# Task objective
Beginning with the line of the entries below that holds "men woman kids" and ending with the line that holds "Reef and coral", transcribe each line exactly as written. Pictures stay out.

# Provided records

----

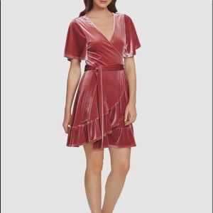 NWT 1.State Flutter Sleeve Stretch Pink Velvet Wrap Tie
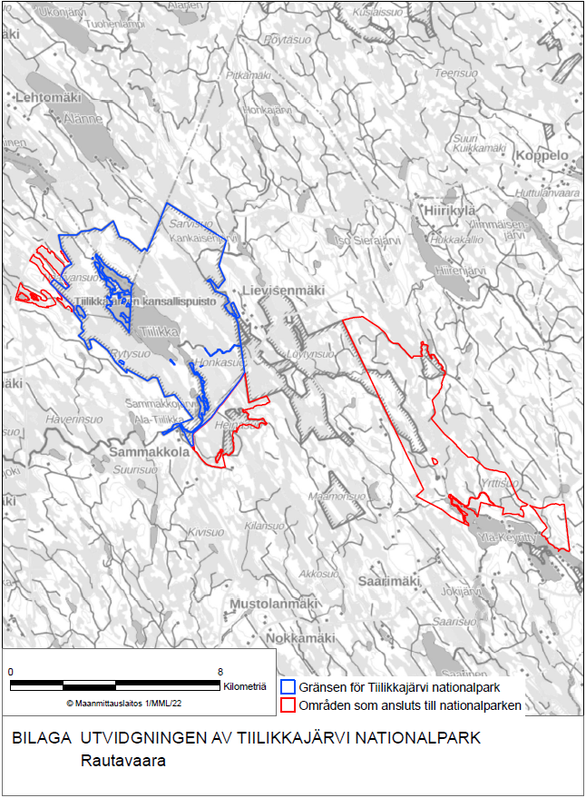 Vid den fortsatta beredningen av proposition bevarades gränserna för utvidgningen av nationalparken i huvudsak i enlighet med den ursprungliga propositionen och de gränser som kommunen föreslagit i sin Master Plan. Propositionen i fråga har lokalt stöd och den främjar i högsta grad regeringsprogrammets mål att stoppa förlusten av biologisk mångfald genom att i betydande utsträckning utöka arealen för skyddade områden. I förslaget till gränser för området har dessutom de lokala jägarnas behov beaktats. I och med remissyttrandena gjordes dock vissa tekniska ändringar i fråga om gränserna. I förslaget till utvidgning ströks det område som ungdomscentret Metsäkartano har arrenderat (29 hektar) för att möjliggöra fortsatt utveckling av centret samt generalplanens område för fritidsbostäder (1 hektar) och det område som ingår i utvidgningen och ändringen av detaljplanen för Ylä-Keyritty (planen för Metsäkylä, 11 hektar). Till utvidgningsförslaget fogades Metso-objektet (10 hektar) i Sammakkosuo, som gränsar till Tiilikka Natura-område.
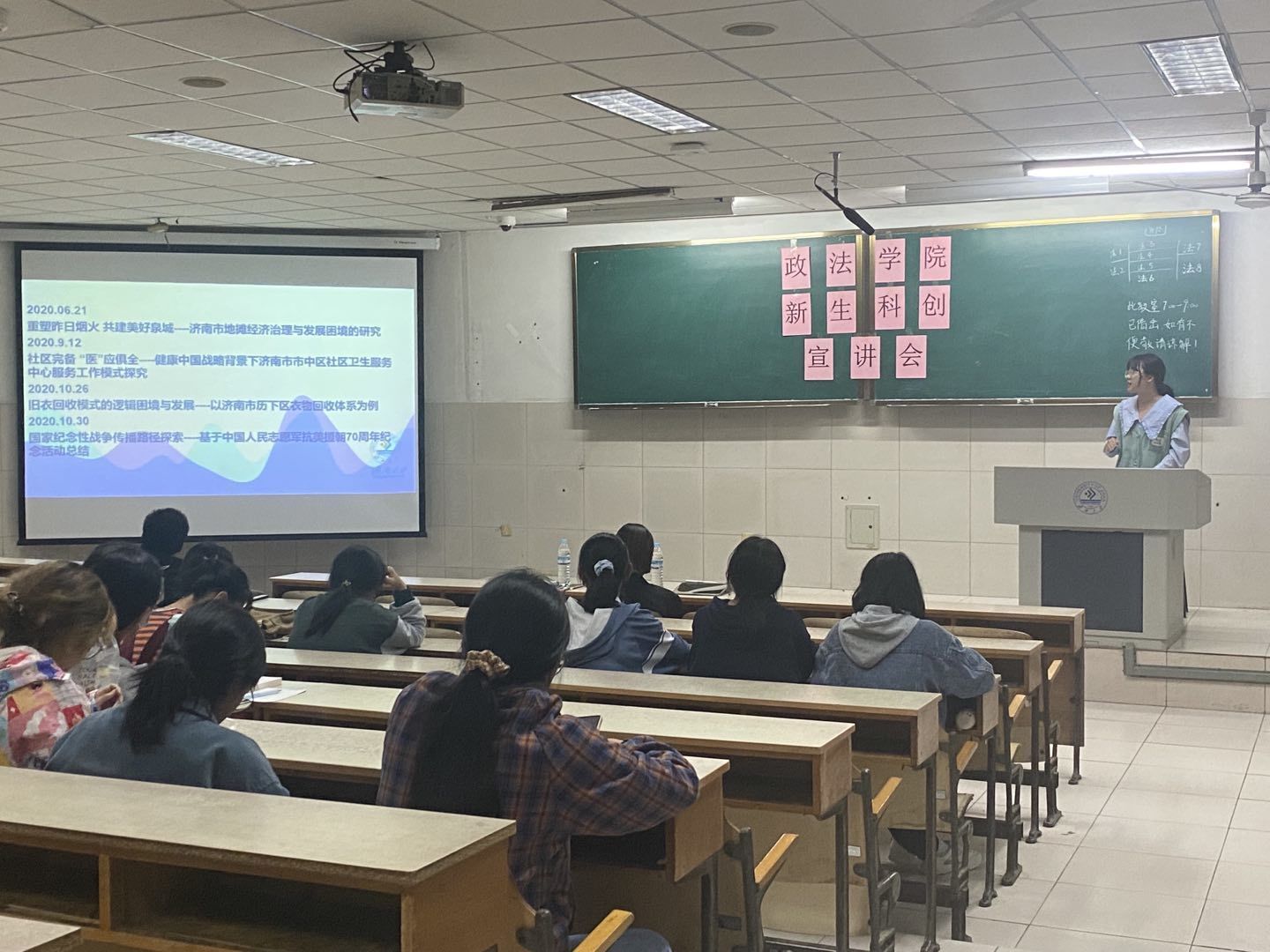宣讲会的第二部分是来自优秀学长学姐的经验分享。其中,思政1802班王清华与社工1901班戴大磊深入浅出,从选题、组队、文献、写作和拍摄等方面切入,全面展示了进行科创项目的全过程。行管1901班马璐媛和社保1901班张美慧结合自身实际经历,向同学们传授了许多项目运营和成果答辩中的小技巧,展示了许多当下值得关注的社会热点话题。法学1905班姜竹清和法学1906班钱慧向大家传授了许多调查模型与文献查询技巧,推荐了多本有助于提升写作水平的参考书刊。在最后部分,同学们在交流环节表现出对赛事的浓厚兴趣,就如何在大一零经验参与科创的问题与学长学姐展开交流。
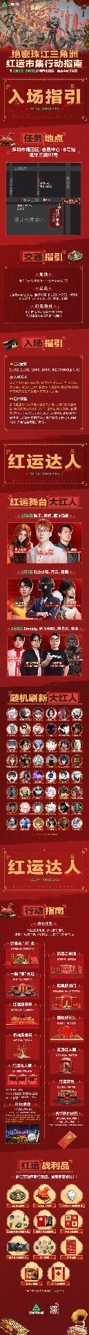 新春打卡赢好礼,专属周边等你拿!2月5日-2月12日,参与以上任意一项线下新春活动,拍摄打卡图片或视频,带双话题#三角洲深圳红运市集、#三角洲行动,发布至抖音、bilibili、快手、微信视频号、小红书、微博任一平台,即可参与新春特别任务。3月1日,官方将在上述平台各抽取3位参与任务的幸运干员,送出《三角洲行动》官方周边大礼包一份。
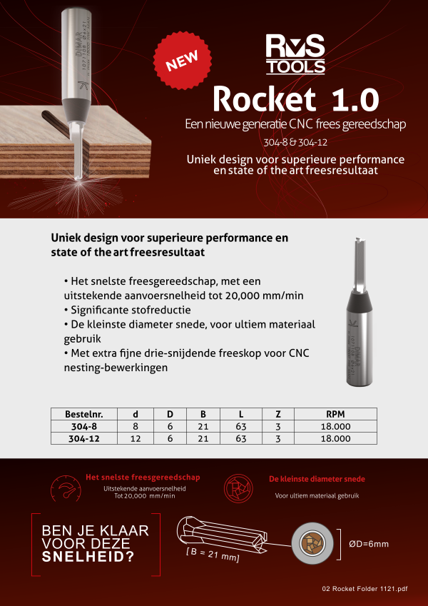 De Rocket 1.0 groeffrees voor CNC-machines combineert hoge snelheid met efficiënt materiaalgebruik. Met een aanvoersnelheid tot 20.000 mm per minuut werkt deze frees bijzonder snel en schoon.
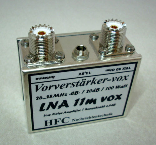 Der rauscharme Vorverstärker LNA - 11m - VOX (Low Noise Amplifier) - Frequenzbereich 26 ... 28 MHz - der Fa. HFC Nachrichtentechnik besticht neben einer qualitativ hochwertigen Verarbeitung mit exzellenten technischen Daten. Er dient zur Verbesserung der Empfangseigenschaften von CB Funkstationen im 11-m-Band. Der Vorverstärker ist mit einem Bandpassfilter ausgestattet, der Außerbandsignale wirkungsvoll unterdrückt. In der Eingangsstufe ist ein GaAs-FET gekoppelt, der eine sehr niedrige Rauschzahl und eine hohe Durchgangsverstärkung besitzt. Der Vorverstärker bietet die Möglichkeit der direkten Speisung über eine Cinch-Buchse oder der Fernspeisung (mittels Fernspeiseweiche, siehe andere Auktion) über das vorhandene Koaxialkabel. Der LNA-11m-VOX verfügt über eine automatische Sende-/Empfangsumschaltung. Maximal übertragbare Leistung: 100 Watt !!! Der Vorverstärker LNA-11m-VOX ist in einem stabilen Weißblech-Gehäuse (74 x 56 x 30 mm) untergebracht. | ||||||||||||||||||||||||||||||||||||||||||||||||||||||||||||||||||||||||||||||||||||||||||||||||||||
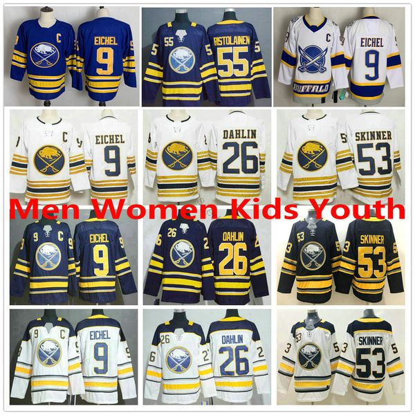men woman kids youth 2021 reverse retro buffalo sabres hockey jerseys #9 jack eichel 53 jeff skinner 26 rasmus dahlin 23 sam reinhart, Black;red
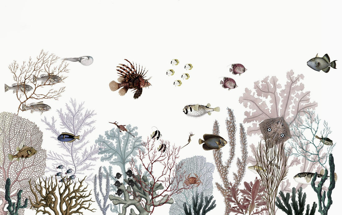 Reef and coral wallpaper plunges us instantly into the heart of the marine fauna, a captivating underwater world. With this wallpaper, let yourself be carried away by the bewitching beauty of the seabed, adorned with a dazzling variety of exquisitely shaped corals. A myriad of brightly colored fish dance among the corals, creating a natural spectacle that will expand your child's marine knowledge. Your child's adventurous side is sure to be awakened!
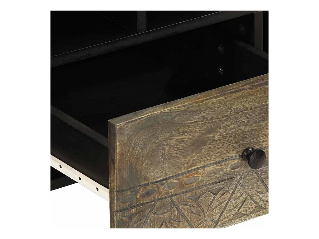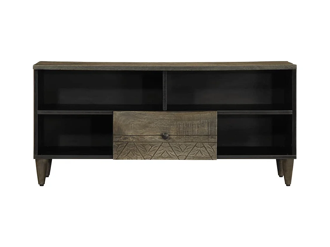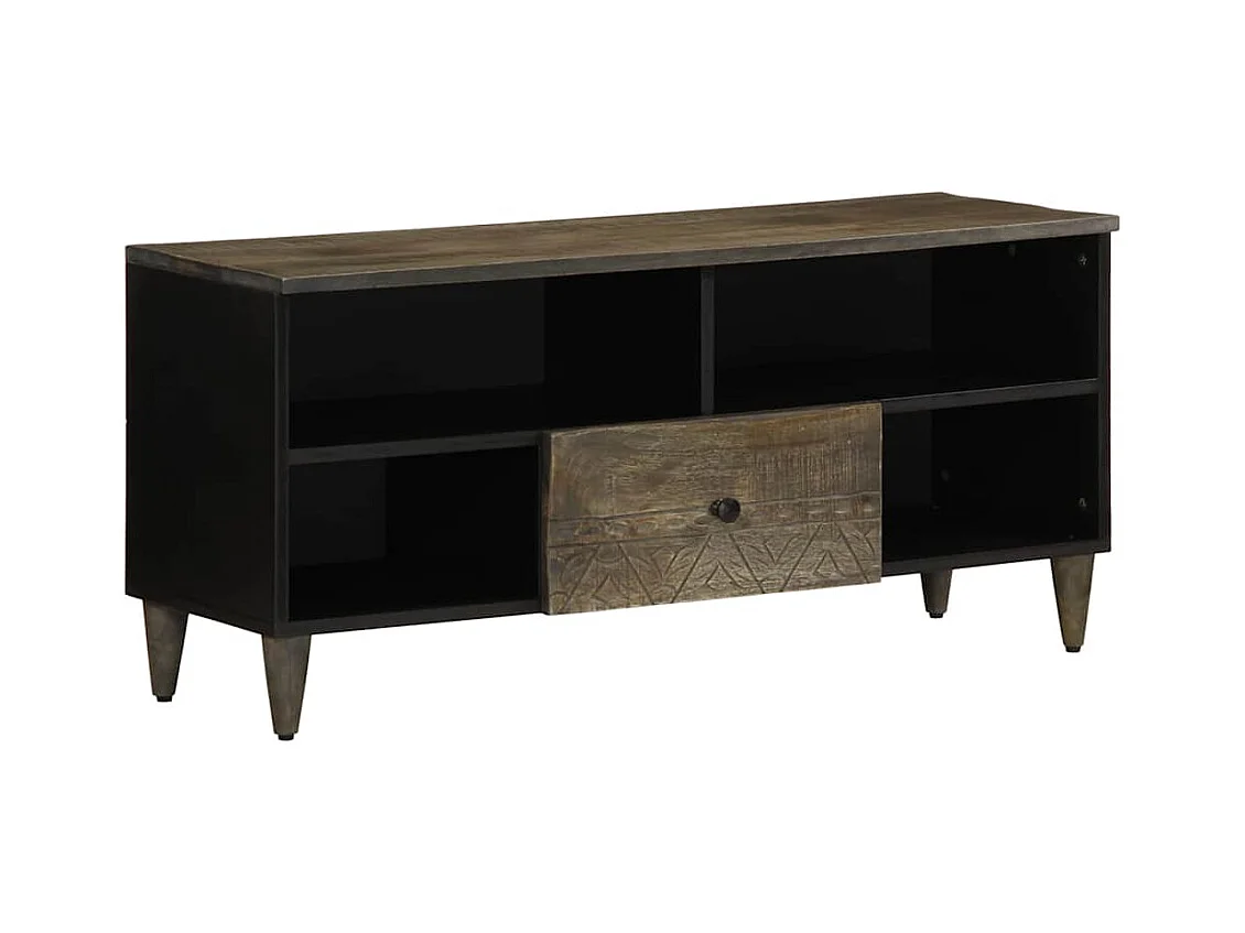Meuble TV noir 100x33x46 cm bois massif de manguier
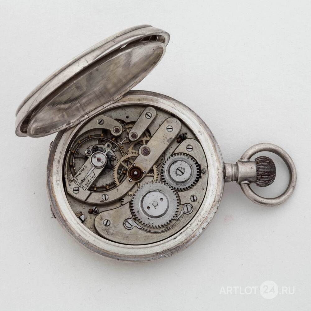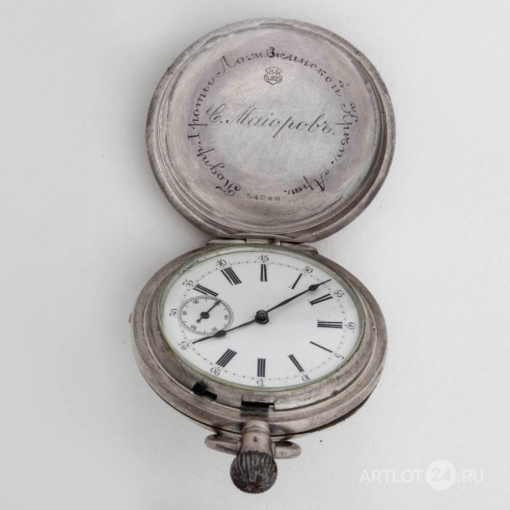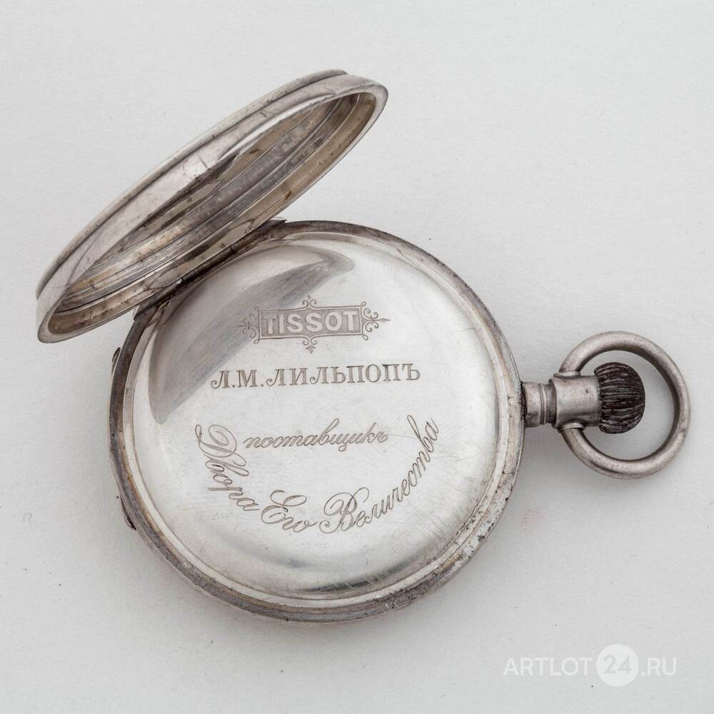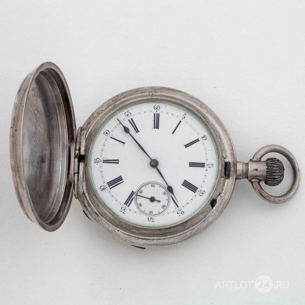 Белый металл (84 проба), штамп, чернение, гильоше, тип корпуса "барабан", ремонтуар. На верхней крышке штампованное изображение перекрещенных пушек на фоне государственного герба, надпись "ЗА ОТЛИЧНУЮ СТРЕЛЬБУ 1903", гравированная надпись на внутренней ст
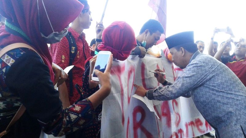 Untuk mendukung aspirasi mahasiswa yang menolak Perppu Ormas, Wabup juga turut serta membubuhkan tandatangan di spanduk putih yang disiapkan massa aksi. “Aspirasi adik-adik IMM dan HMI KSB ini akan saya sampaikan baik secara langsung ketika saya ke Jakarta, maupun via telpon,” janjinya.
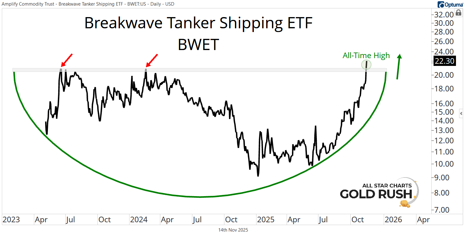 BWET is the first and only ETF that tracks Crude Oil Freight futures, and it's ripping to new all-time highs.
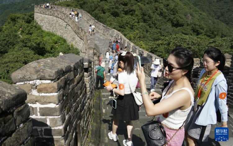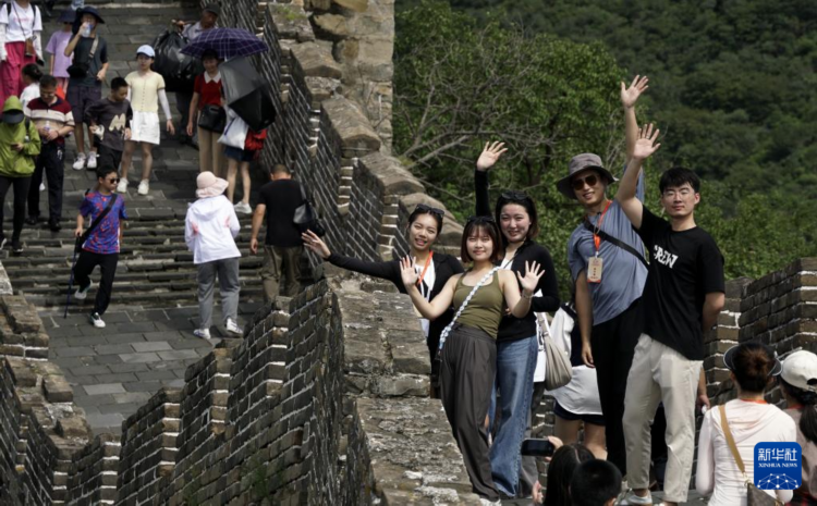 8月25日,参加第三十届海峡两岸大学生新闻营的师生们在北京慕田峪长城参观。
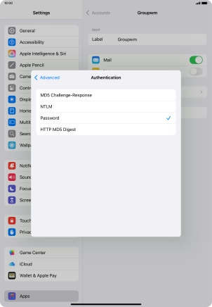 Press Password and key in the password for your email account.

----

# Answer below
men woman kids youth 2021 reverse retro buffalo sabres hockey jerseys #9 jack eichel 53 jeff skinner 26 rasmus dahlin 23 sam reinhart, Black;red
 Reef and coral wallpaper plunges us instantly into the heart of the marine fauna, a captivating underwater world. With this wallpaper, let yourself be carried away by the bewitching beauty of the seabed, adorned with a dazzling variety of exquisitely shaped corals. A myriad of brightly colored fish dance among the corals, creating a natural spectacle that will expand your child's marine knowledge. Your child's adventurous side is sure to be awakened!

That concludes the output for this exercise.